Legend Figure 4) Mutations in the stacking interface of HMfA and HMfB destabilize the hypernucleosome. A) DNA-protein complexes of HMfAK31A E34A show similar compaction as wt HMfA below 0.5 pN, but unfold at lower force. The pink curve shows the wt data. Note that HMfAK31A E34A does not feature a second unfolding plateau.
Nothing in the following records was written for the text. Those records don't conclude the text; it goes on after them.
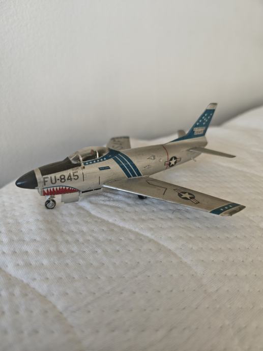Složena maketa. Jedan od prvih američkih mlaznih lovaca. Sudjelovao u Korejskom ratu. Imala ga i Jugoslavija. Preporučujem osobno preuzimanje u Zagrebu jer je slanje paketom jako nesigurno. Primopredaja po dogovoru. Plaćanje cash. Slobodno kontaktirati radi dogovora o detaljima i dodatnih informacija. Napomena: NE KORISTIM PayProtect.
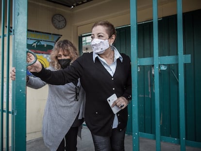 Las familias tendrán que asumir el costo del gel antibacterial y otros artículos de limpieza tras el reinicio de las clases presenciales. En las escuelas, las madres toman la temperatura y garantizan el lavado de manos de sus hijos
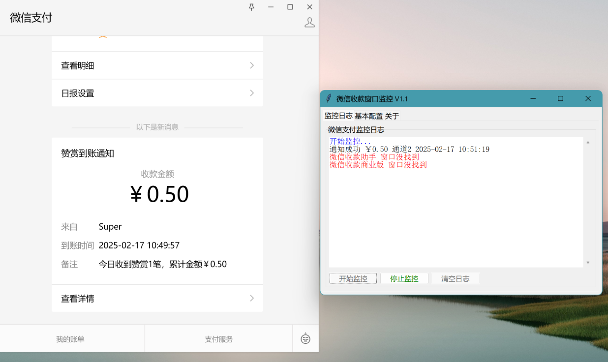 码支付微信PC监听,是使用python写的小工具,可以监听电脑桌面打开的窗口和内容信息,非侵入微信应用内部,版本升级不影响监听。需要将被监听的微信聊天界面单独拖出来成独立窗口。
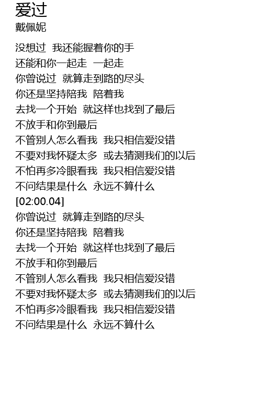 | [02:58.44] | 不要对我怀疑太多 或去猜测我们的以后 |
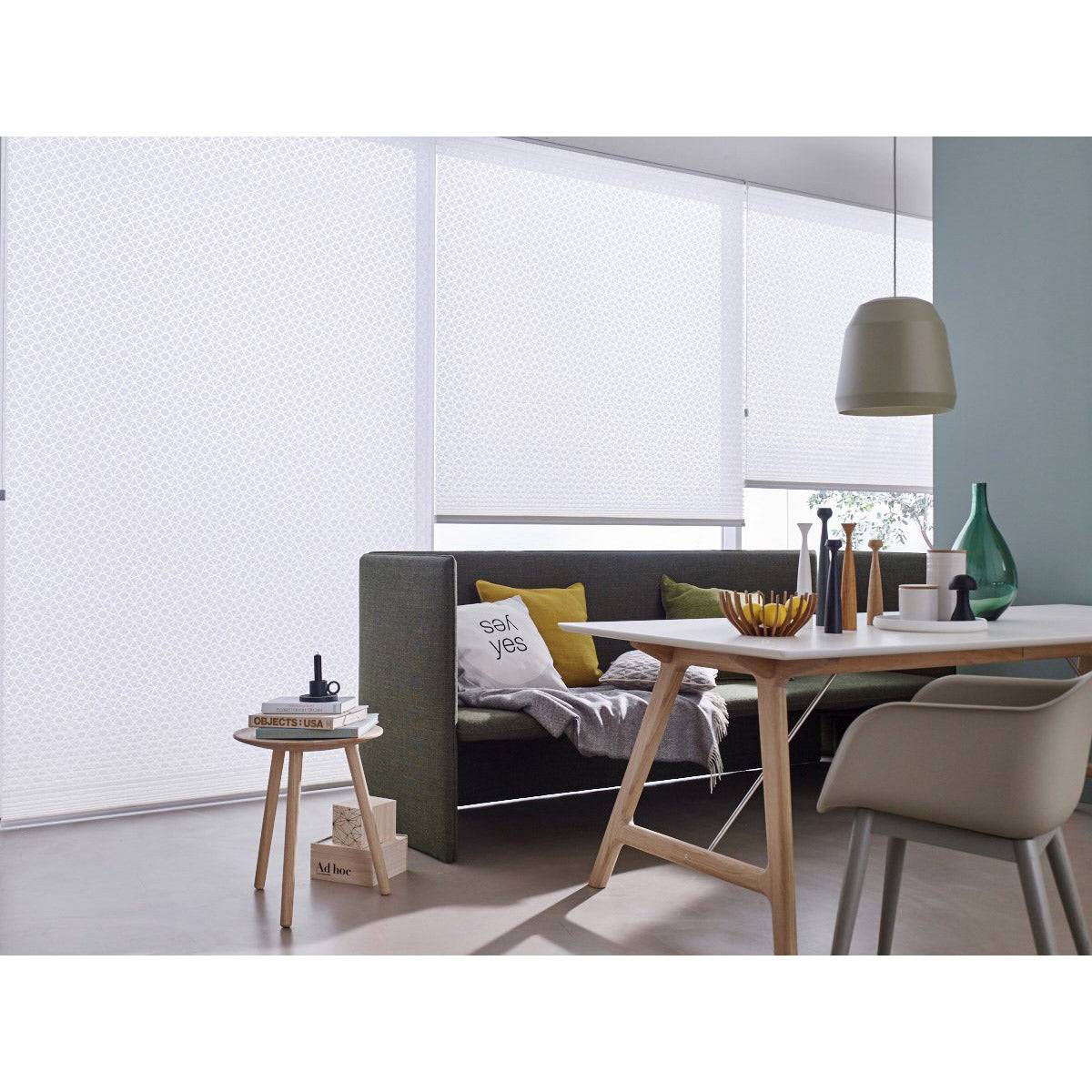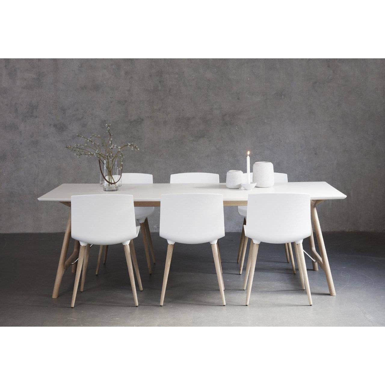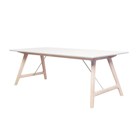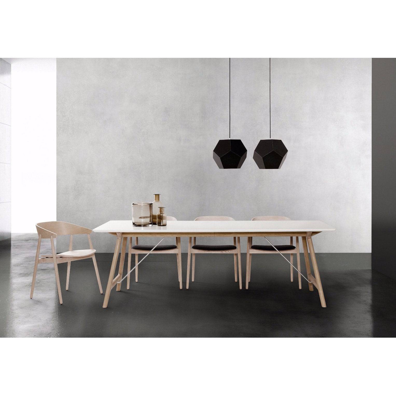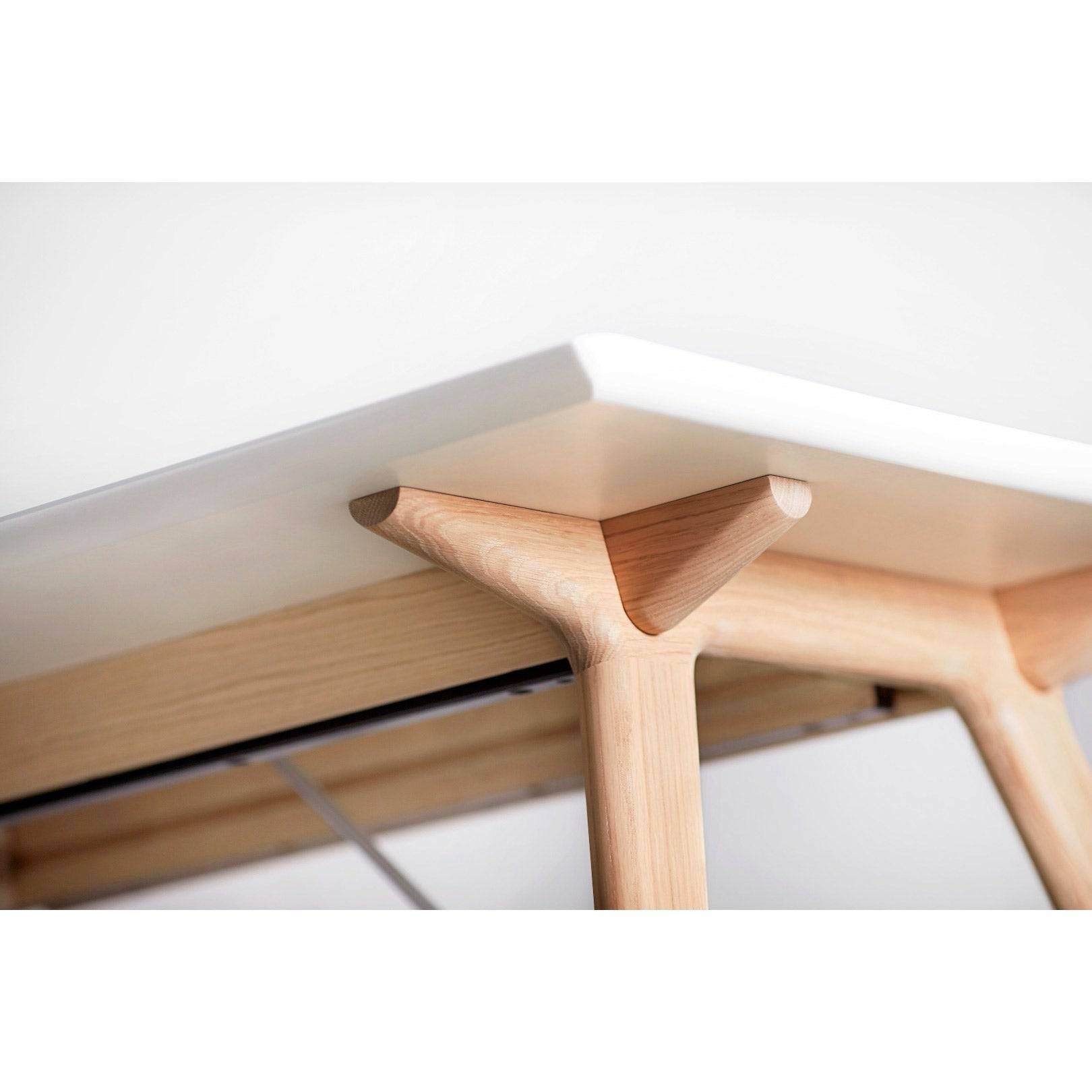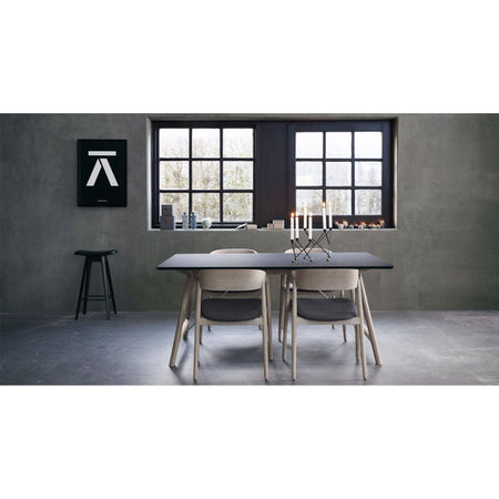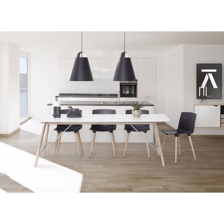 The tabletop is made of solid coloured white laminate or black fenix laminate and the legs are in solid oak. You can also choose a black base.

Grey circles show the refolding curve, which overlaps with the unfolding data.  Solid lines show fits to equation 10. The mutant features a reduced stiffness, stacking energy, wrapping energy and deflection angle, suggesting that the mutations not only affect stacking but also wrapping of DNA  B) DNA-protein complexes of HMfBD14A K30A E34A show similar stretching behavior as the HMfA mutant, but unfold at slightly lower force. A representative curve of wt HMfB is plotted in light blue. The fits show the same trend as for HMfA, but the mutations have a stronger effect, yielding similar mechanical properties for both mutants. Fit parameters are listed in table 2.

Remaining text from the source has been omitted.